Faithful readers of this Substack will know that I’m not a fan of the NAEP reading test, which is given every couple of years to a representative sample of American fourth- and eighth-graders.
Like state reading tests, the NAEP (that stands for National Assessment of Educational Progress) purports to measure reading comprehension skills in the abstract. As I and others have argued, that’s not possible. Students’ ability to comprehend text is inseparable from their background knowledge, vocabulary, and familiarity with complex syntax.
Unlike state reading tests, NAEP scores aren’t tied to individual schools or teachers—or, in most cases, school districts. So the test doesn’t exert direct pressure on schools or teachers to try to boost scores. But it has a strong indirect influence on what goes on in American classrooms.
As I’ve noted, the most recent scores, which were dismal, elicited a lot of commentary about the “science of reading,” interpreted to mean “phonics”—despite the fact that the NAEP purports to test reading comprehension, not decoding ability.
But even when viewed as a measure of comprehension, the NAEP often leads to the assumption that low-scorers just need more practice with the skills it purports to measure—finding the main idea of a text, making inferences, etc. In fact, it’s far more likely that students score low because they lack the knowledge that would enable them to understand the passages on the test, which are on a bunch of random topics that don’t relate to anything they might have learned in school.
“The Bell of Atri”
Take a look at the sample passages and questions available on the NAEP website. One passage is from the 2022 fourth-grade test, called “The Bell of Atri.” It’s a fable, set in “the Abruzzi mountains in Italy” at some unspecified time in the distant past.
The story includes quite a few words and concepts that I suspect many American kids would find bewildering: a bell in a marketplace whose rope is “fraying,” its replacement by “an unusually long grapevine,” a horse that pulls on the vine to soothe “his poor parched lips.” The questions purport to measure students’ general ability to, for example, “recognize text-based generalization.” But if you’re confused by the vocabulary and syntax, how do you demonstrate your ability to do that?
Fourth graders could acquire the vocabulary that would enable them to understand this story. But in our current system—which ascribes students’ lack of understanding to inadequate practice on comprehension skills and limits them to simple texts they can theoretically understand on their own—few do.
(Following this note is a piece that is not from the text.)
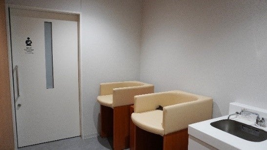 特定公園施設として芝生ひろば北側と水辺ひろばに1か所ずつ、公募対象公園施設として芝生ひろば南側の商業施設に1か所の計3か所の屋外トイレを整備しています。男女別トイレだけでなく、車いす利用者用トイレや⼦どもトイレ、おむつ交換スペース等をユニバーサルデザインに配慮して設計し、障がいを持つ方、高齢者、乳幼児連れのご家族など多くの方にとって訪れやすく快適に過ごせる公園をめざしました。なお、芝生ひろば南側のトイレには、授乳室も整備しています。

To be clear, I’m not entirely against the NAEP. It provides a relatively reliable barometer of where American students generally stand, which is especially necessary at a time when an increasing number of states are fiddling with their own tests to create the illusion of improvement. The problem is that the NAEP reading test obscures the real reasons for the stagnation and decline in student achievement, along with the expanding gap between high- and low-scorers.
The Constraints of the “NAEP Law”
One solution would be for NAEP to just drop its reading tests and focus instead on its tests in the content areas: U.S. history, civics, science. Those are given relatively rarely, and the scores are generally even worse than those in reading. If they got more attention, maybe schools would realize they need to focus more on content.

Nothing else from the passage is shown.